RES: High CPU Usage (HaProxy)
Hello, So, I can run all my instances in just one process and work with it this way, by using -sf right ? -Mensagem original- De: Jeff Zellner [mailto:j...@olark.com] Enviada em: segunda-feira, 21 de outubro de 2013 14:59 Para: Fred Pedrisa Cc: haproxy@formilux.org Assunto: Re: High CPU Usage (HaProxy) -sf will not actually kill the old process(es) immediately. They'll end when they are no longer handling the currently connected clients they have, but the new process will handle all new connections.
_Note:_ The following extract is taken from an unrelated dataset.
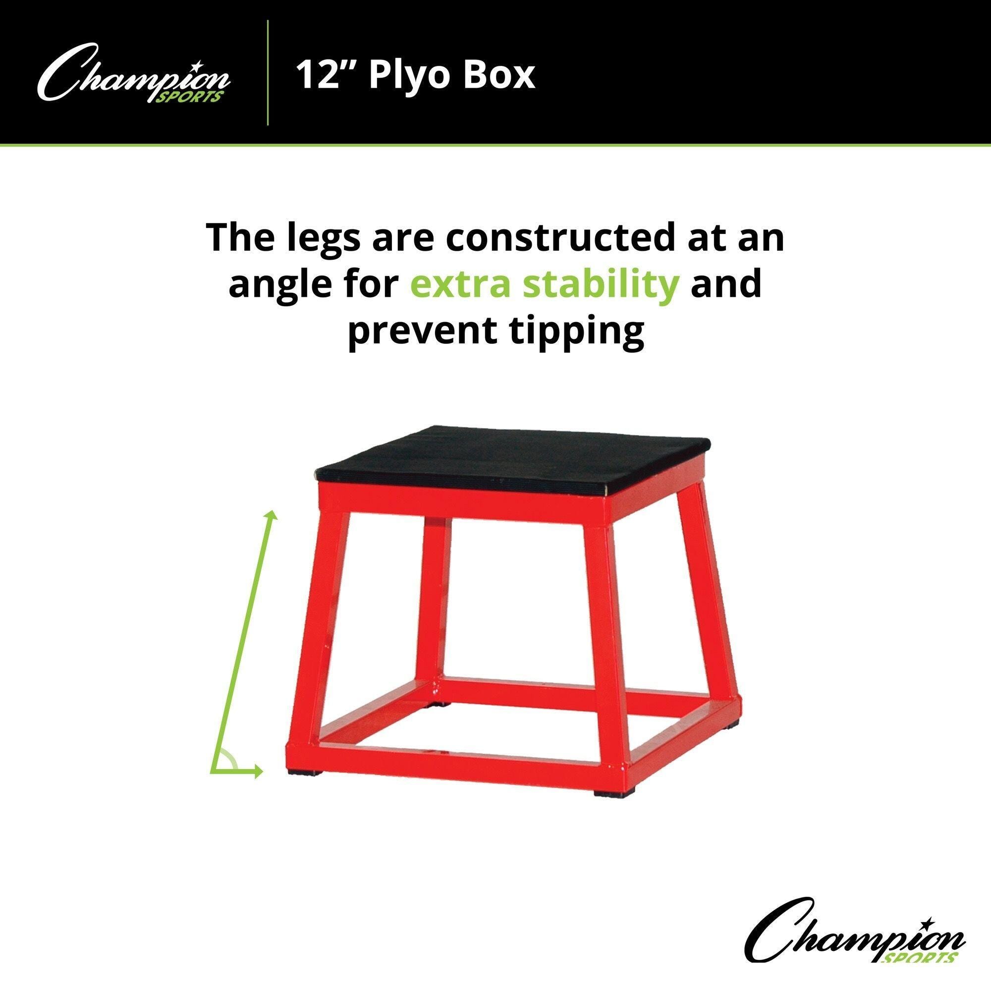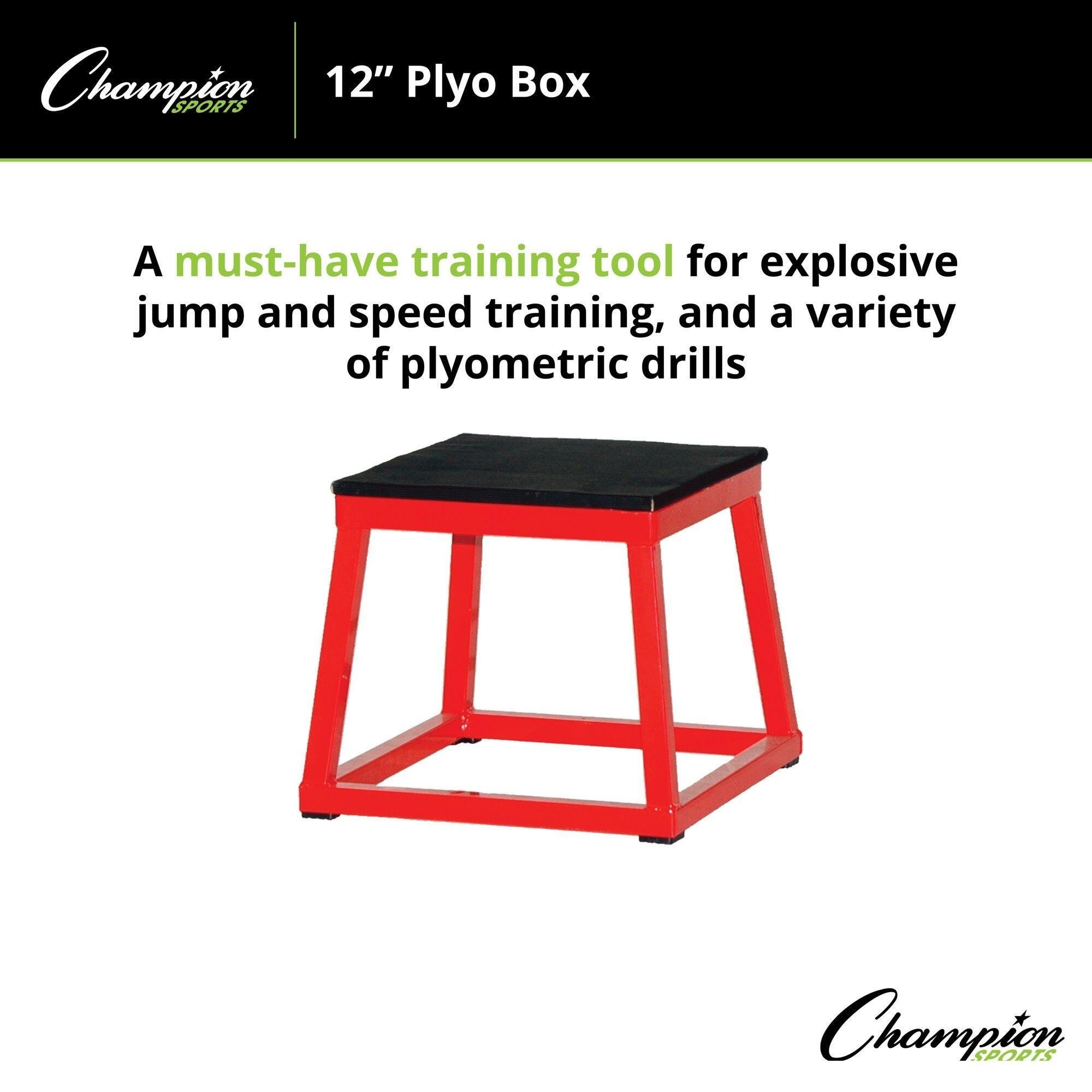 This 12-inch Plyometric Box from Champion Sports provides a versatile solution for agility and strength training. The box is made of 1-inch heavy-gauge welded tubular steel for strength and durability. It features a rubber-coated plywood landing surface that provides optimum grip and slip-resistance. These versatile boxes are a valuable training tool for a variety of plyometric drills, explosive jumps, and speed training. It has angled legs for added stability and non-slip rubber footpads to keep box in place.Features

On Mon, Oct 21, 2013 at 12:57 PM, Fred Pedrisa fredhp...@hotmail.com wrote: Hello, Are there any parameters that could be touched to potentially help with the cpu usage ? And the -sf parameter, will kill the old one while keeping the new one, that's it ? -Mensagem original- De: Jeff Zellner [mailto:j...@olark.com] Enviada em: segunda-feira, 21 de outubro de 2013 14:54 Para: Fred Pedrisa Cc: haproxy@formilux.org Assunto: Re: High CPU Usage (HaProxy) Hi Fred, I imagine that your high load is due to running many instances of HAProxy, but hard to be 100% without all the information. Load indicates that there are processes waiting to execute, so by reducing the number of HAProxy processes you should see a reduced load (but still high cpu utilization). You can accomplish the same effect as reloading settings by running another HAProxy process with the -sf parameter (this would potentially lead to more load, but could be mitigated by combining your many instances). From the manpage: -sf pidlist Send FINISH signal to the pids in pidlist after startup. The processes which receive this signal will wait for all sessions to finish before exiting. This option must be specified last, followed by any number of PIDs. Technically speaking, SIGTTOU and SIGUSR1 are sent. Cheers, Jeff On Mon, Oct 21, 2013 at 12:46 PM, Fred Pedrisa fredhp...@hotmail.com wrote: Hello, I am using many haproxy instances, for separated projects. This is causing a high cpu usage, and a high load in the OS up to 12.00 and so on. The question is, using just one instance, would reduce the CPU load, or it would make no difference at all ? Also, is there a way to just reload the settings of an already running instance ? Thanks !
RES: High CPU Usage (HaProxy)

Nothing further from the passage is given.